Provided material =>
Content starts

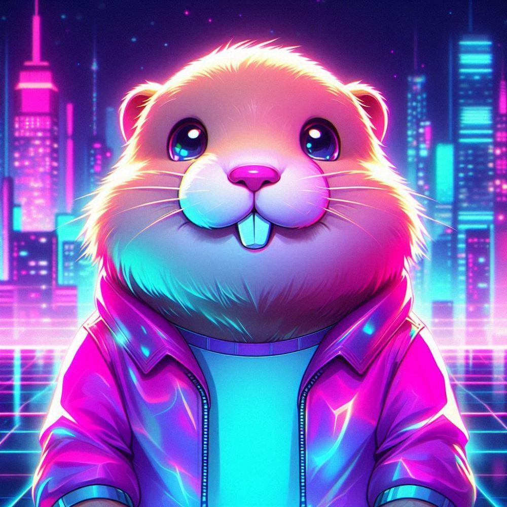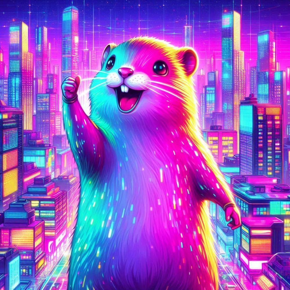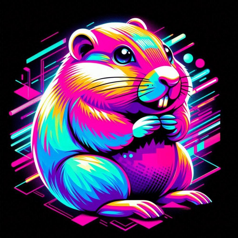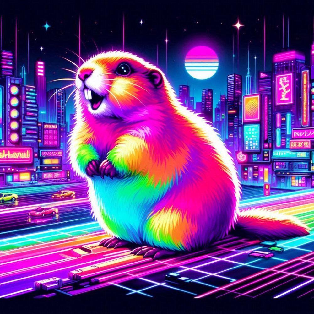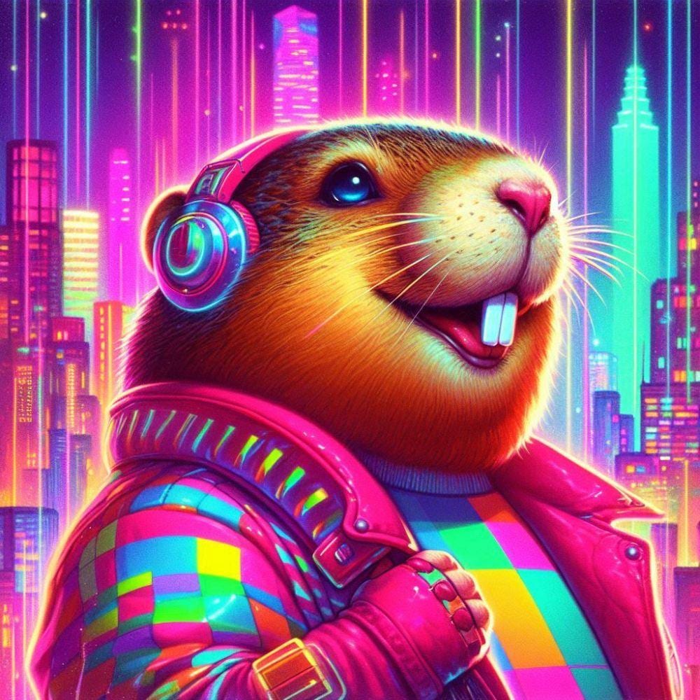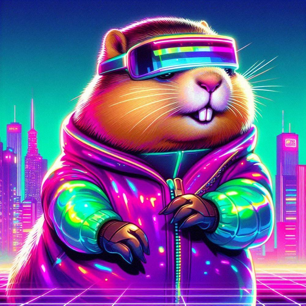 サイバーパンクアクリルアニメ風、蛍光色マーモット
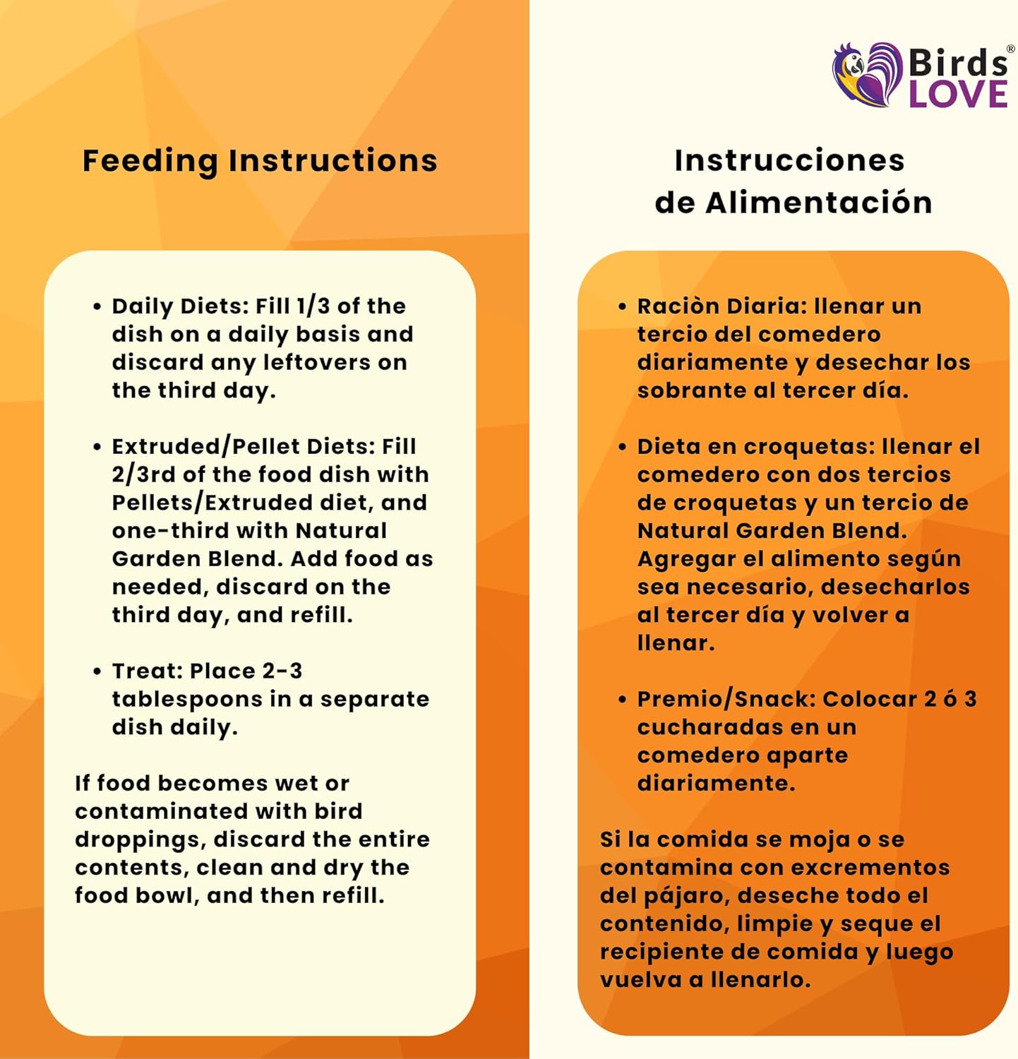 - No added preservatives nor sweeteners: natural sweet fruits to maintain healthy skin, muscles, and feathers
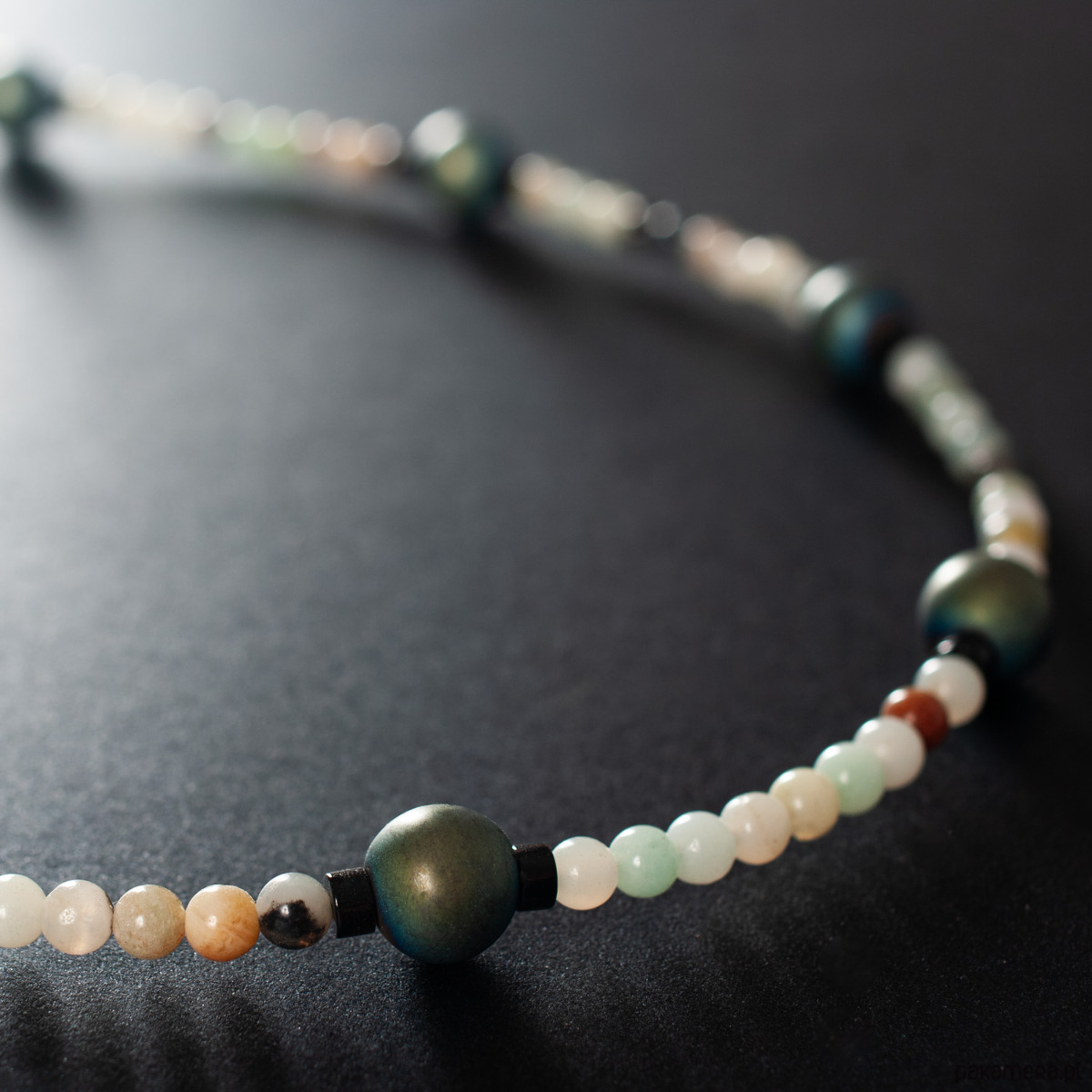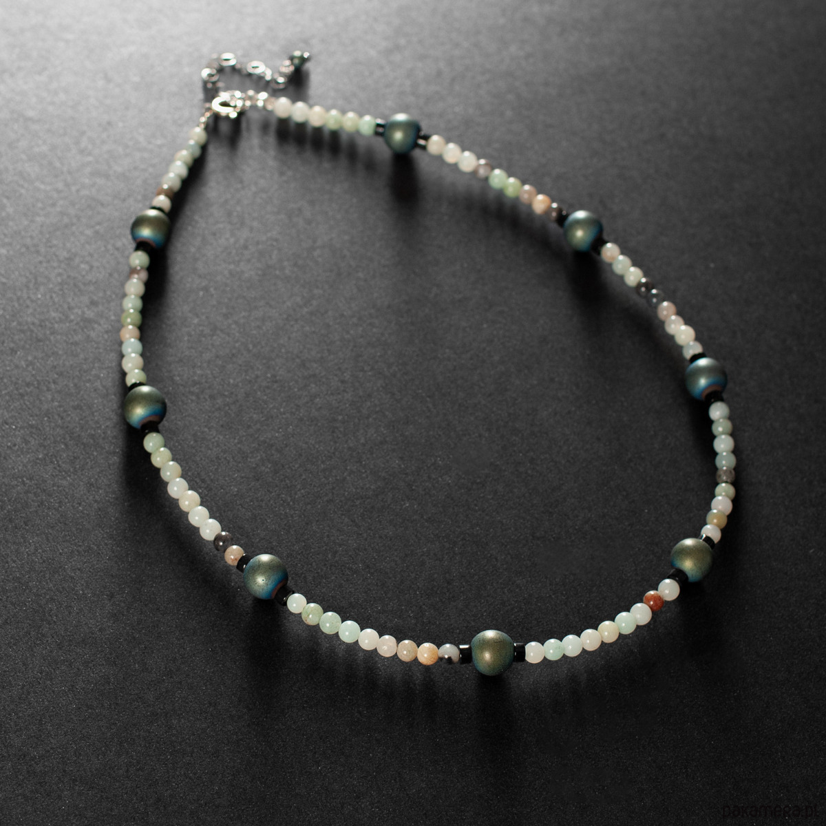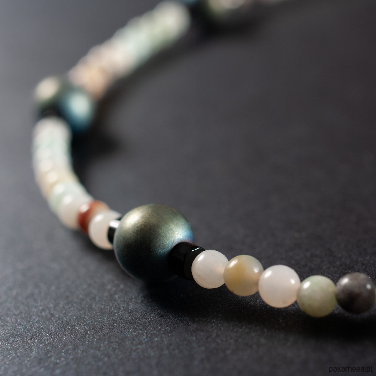 Naszyjnik z amazonitem, onyksem i hematytem. [ŁN14]

Content ends

What this task involves => What you give back must be the data above, reproduced exactly and free of pictures.

Reply to the task =>
 サイバーパンクアクリルアニメ風、蛍光色マーモット
 - No added preservatives nor sweeteners: natural sweet fruits to maintain healthy skin, muscles, and feathers
 Naszyjnik z amazonitem, onyksem i hematytem. [ŁN14]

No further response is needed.